So I'd say he's well aware of them, and probably had to do some serious homework thus far (though he needs to add some 0s to those numbers. There aren't enough Sisters to cover all the things they do for/in the Imperium with that low body count).

I was with you on the Exorcist. It's observations like that which eventually lead to more complete pictures of what's going on down the road. Of course we're all a bunch of naysayers though and can't accept positive ideas. Too much chain yanking from other 40kers and from the GW brass I suppose.


----------



## Karyudo-DS (Nov 7, 2009)

Zion said:


> Of course we're all a bunch of naysayers though and can't accept positive ideas. Too much chain yanking from other 40kers and from the GW brass I suppose.


Hard to stay positive for 13 years I would guess, but hey! Dark Eldar are good now. Hard to accept great ideas when you know it can take them that long to do something.


----------



## Troublehalf (Aug 6, 2010)

I know this is just random stuff, but this is the kind of lore/fluff that follows SoB. However, they have been slightly 'buffed' in terms of how they perform in lore, but nothing to the scale of GK/UltraMarines. The fluff is actually pretty important in the progress of an army... If it's bad then you know it could be paving the way to "And they were so bad that the Imperium/Xeno Leaders disbanded the army" or something like that. As I said, the following stuff has all happened to SoB, which shows how hated they are/were.

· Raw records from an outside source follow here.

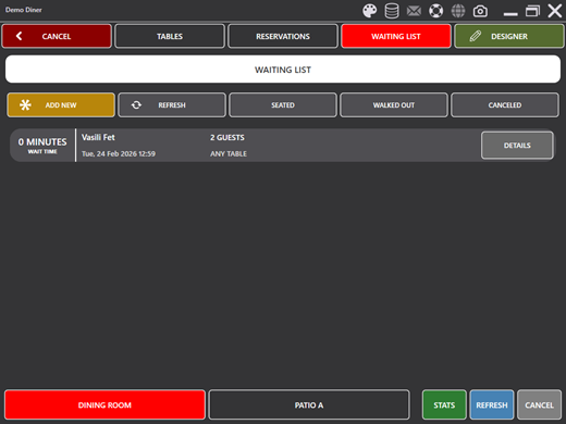 The waiting list operates similarly to reservations but is designed for walk-in guests. Tap WAITING LIST on the navigation bar to open the waiting list overlay.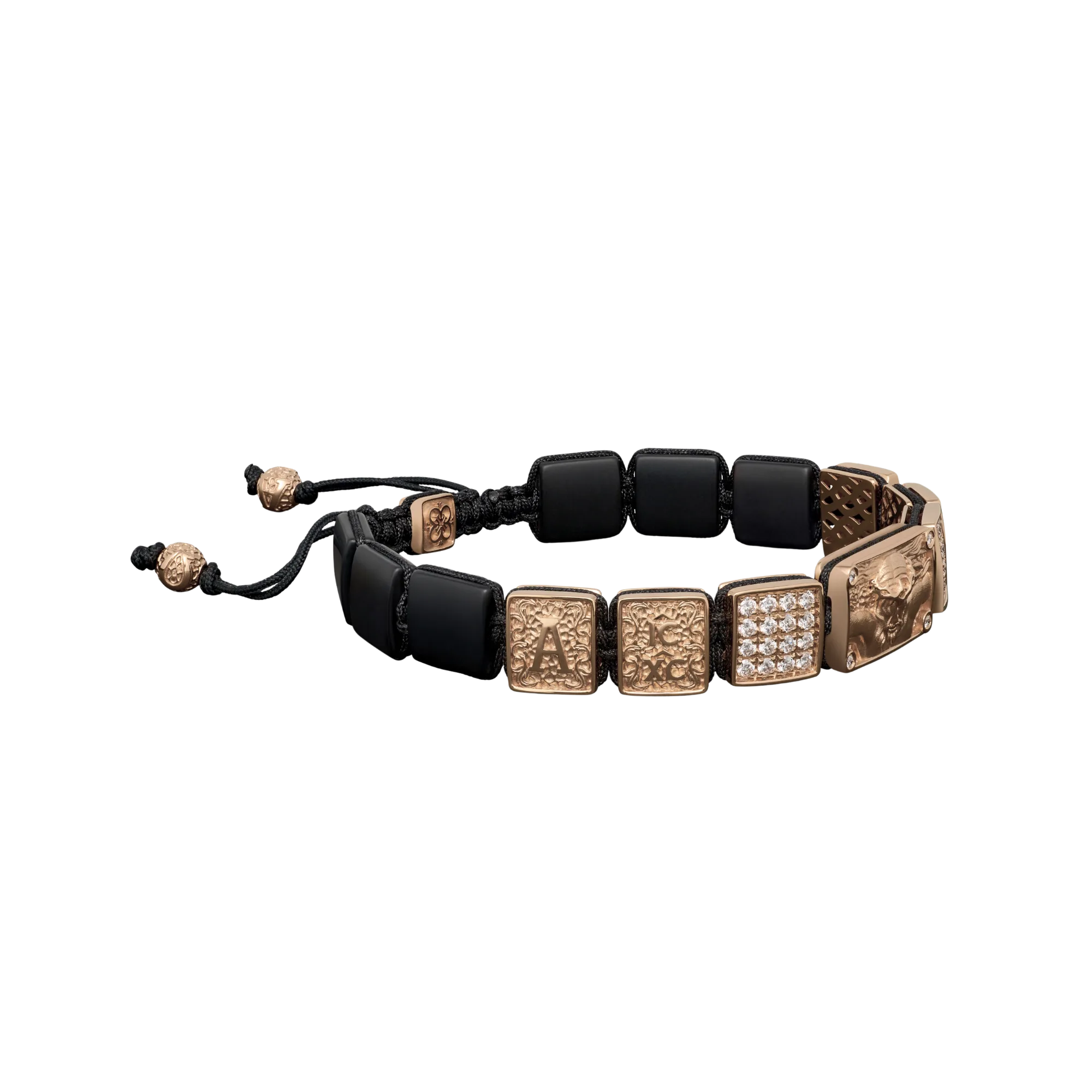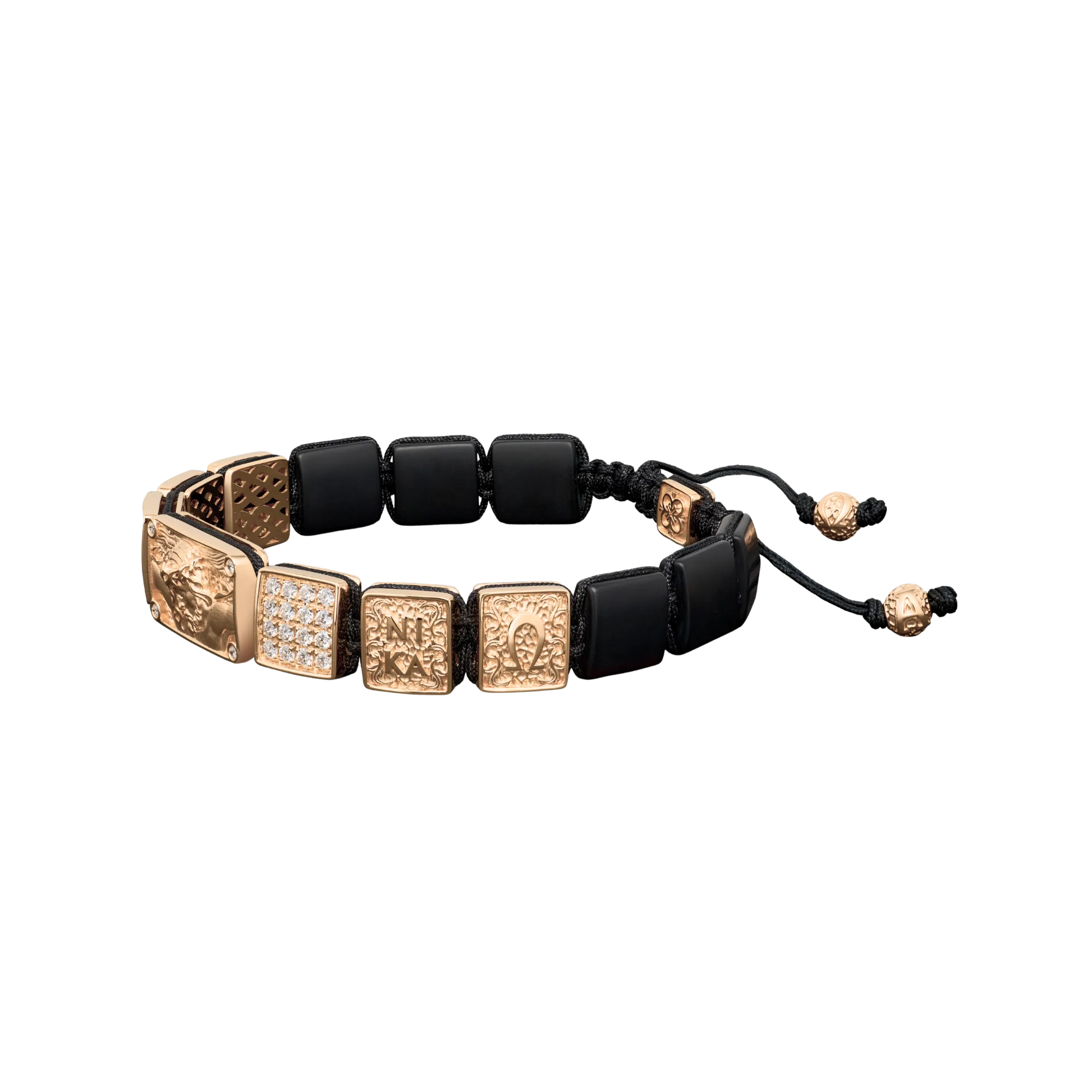 Crucified Jesus Christ Bracelet in 18K Rose Gold, White Diamonds and Black Onyx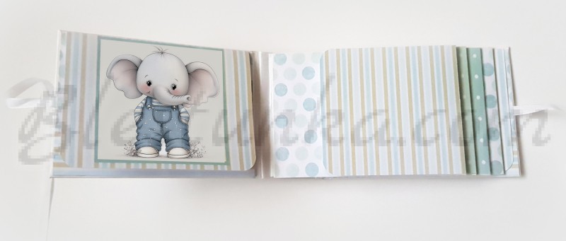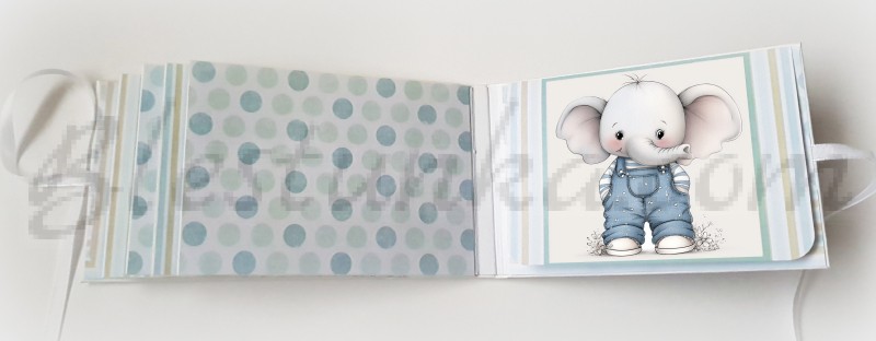 Mini album "Little elephant": Mini album of size 12х9 cm, decorated with paper of original design; contains 8 pages and two back covers, on which you can paste small photos, whishes or information of important events.

1. A whole Order turned to Chaos by one Slaaneshi Keeper of Secrets. 

2. A whole Order Mind Controlled by one chaos Psyker. 

3. A strike force of Celestians and an Inquisitor being killed, cannibalized, and sacrificed by the Sons of Malice Astartes chapter for disturbing their victory rites and falsely accusing the chapter of heresy. (Imperium does nothing... Apart from declaring the Sons of Malice to be heretics anyway.) 

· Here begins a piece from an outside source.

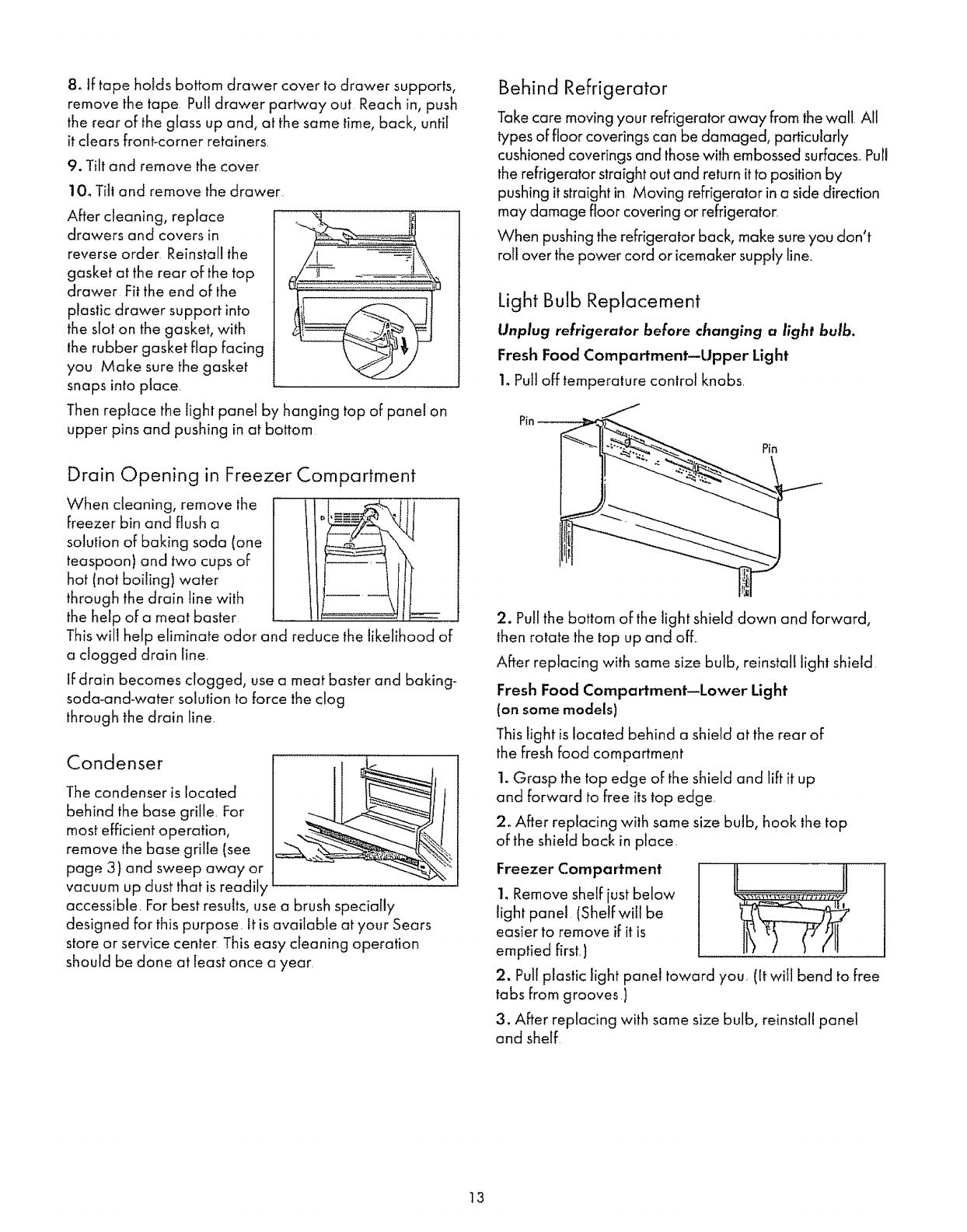 any ice on the freezerbottom and cleanthe drain Referto Care

4. A whole Commandery being killed by Flesh Tearers Astartes chapter (who were eating allied militia at the time). (Imperium does nothing.) 

5. Three whole Orders killed by the Space Wolves Astartes chapter when they try to inquire about that ship full of unarmed priests the Space Wolves shot down earlier. (Imperium, again, does nothing.) 


6. A whole shrine-world of Sisters killed by Chaos Dreadnought. Said dread shrugs off meltas, meltabombs and multiple Exorcist volleys, a Living Saint even gives up her divinity to stop it, and fails. It's destroyed instantly when a Marine throws a hammer at it. 

7. Necron Lord Trazyn the Infinite keeps the head of Sebastian Thor mounted on his wall like a Deer Trophy. God damn it, Ward.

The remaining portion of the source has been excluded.